Average elapsed time: 19.4352 s

Pattern char by char:

for (int i = 0; i < SIZE; i++) buff[i] = ((char*)&pattern)[i % sizeof(void*)];

Average elapsed time: 17.1696 s

Pattern fixed size (bus width):

for (int i = 0; i < SIZE / sizeof(void*); i++) memcpy(buff + i * sizeof(void*), &pattern, sizeof(void*));

Average elapsed time: 5.6976 s

I don't know if all this measurement was necessary XD

Done with a 2 GHz, 2 cores CPU (Intel Core i3-5005U CPU @ 2.00 GHz).

GuillemVS
  • 356
  • 1
  • 13
  • But let's suppose it's not a NULL everytime, I used it like that for the sake of simplicity. – GuillemVS May 30 '20 at 09:28
  • I explained it poorly though (I will edit) and thanks for the time! – GuillemVS May 30 '20 at 09:30
  • 3
    If you need a (potentially) different `char` value for each element, then any attempt at 'optimizing' by packing `n` chars into a temporary buffer will probabaly be counter-productive. – Adrian Mole May 30 '20 at 09:30
  • Not 100%, but bus width is more likely to be `sizeof(void*)`. – Adrian Mole May 30 '20 at 09:33
  • 2
    Chances are high for both implementations that the compiler's optimizer will change it to what he thinks is best and that you get the same compiler output in both cases. But as always when talking about performance: measure it! – Werner Henze May 30 '20 at 09:34
  • Okay thanks! I suppose it'll be faster if it's a constant `n` pattern? – GuillemVS May 30 '20 at 09:34

1 Answers1

1

If you're setting each char to the same value, just call memset.

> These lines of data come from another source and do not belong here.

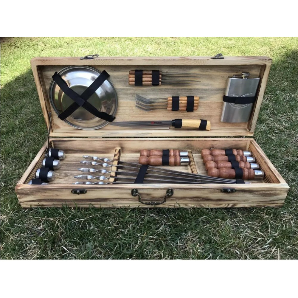 шампура, ніж, виделки, чарки, тарілки, ножі. фляга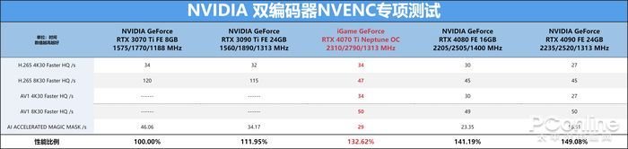 为了验证双NVENC编码器对视频创作的提升究竟有多大,我们使用NVIDIA提供的8K片源与工程文件分别测试AV1格式和H.265格式下的编码时间。实测同一段素材下,使用iGame GeForce RTX 4070 Ti水神进行AV1编码会比H.265编码快不少;即使同样使用H.265编码,有双编码器的加持下,iGame GeForce RTX 4070 Ti水神的效率也比RTX 3090 Ti快60%以上。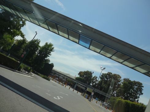モノレールの線路です 向こうに見えるのが 裏の入り口になります。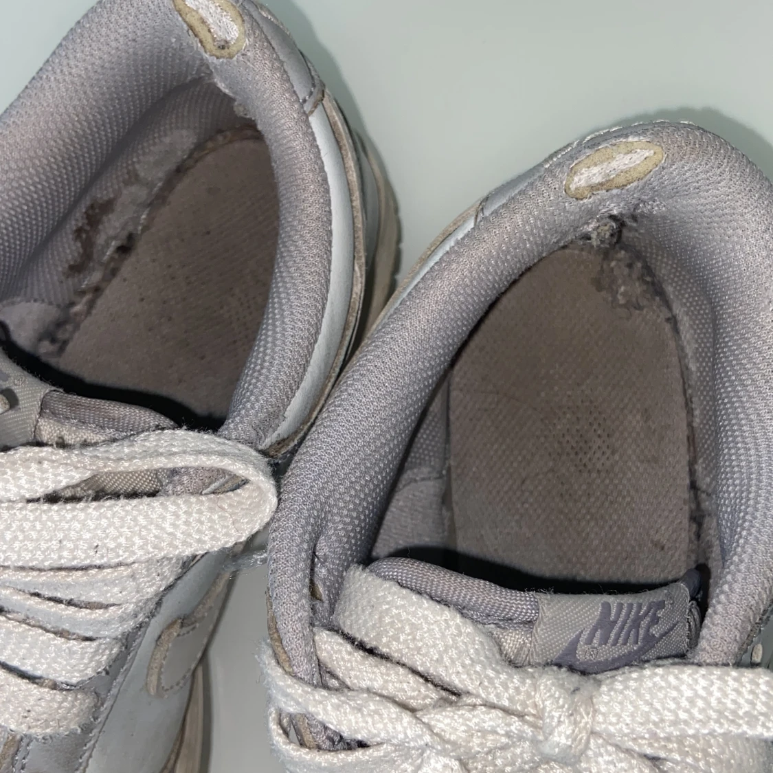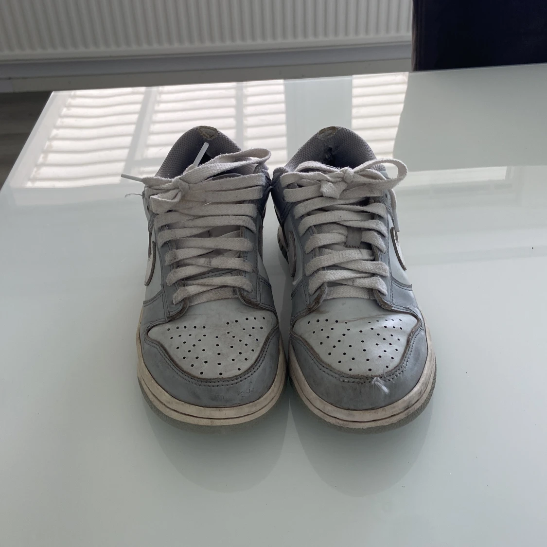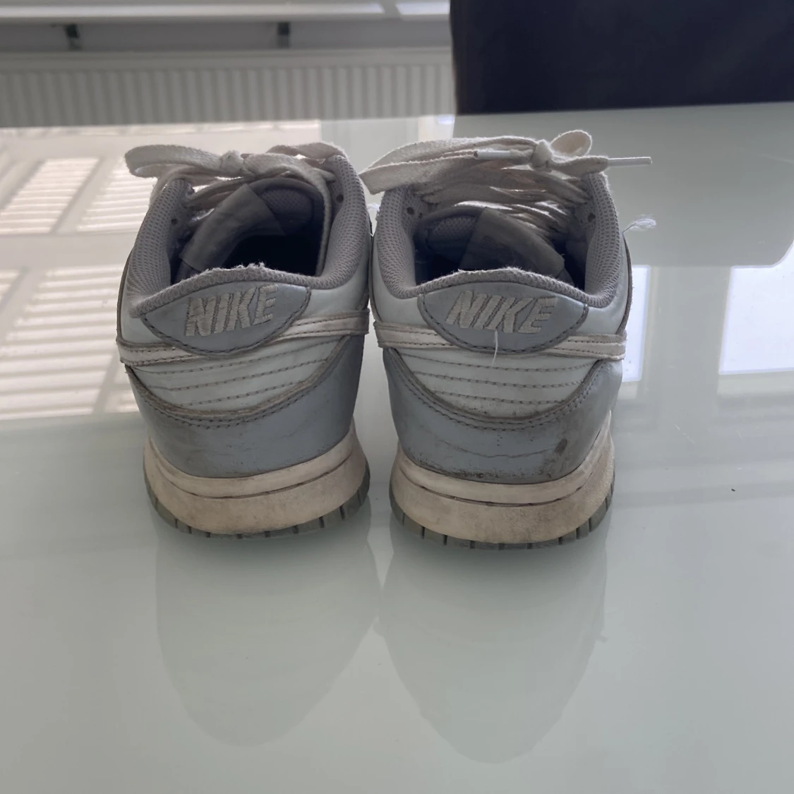 Nike Dunk sneakers i grått och vitt med klassisk låg profil. Skorna har snörning, rund tå och platt sula. Perfekta för dig som gillar en stilren och sportig look. Swoosh-logga på sidorna och Nike-brodyr på hälen.

Compilers (namely gcc and clang) do recognize loops like

for (int i = 0; i < 1024; i++) buff[i] = 0xff;

Clang turns it into a memset call; gcc uses instructions setting one word at a time: https://gcc.godbolt.org/z/ovRTPU. But you get the same assembly output from making a call to memset (it's generally a compiler-recognized function (like memcpy)).

If you're setting a buffer with static storage duration to 0, you don't need to do anything because it already will have been zeroed by the time the program is loaded.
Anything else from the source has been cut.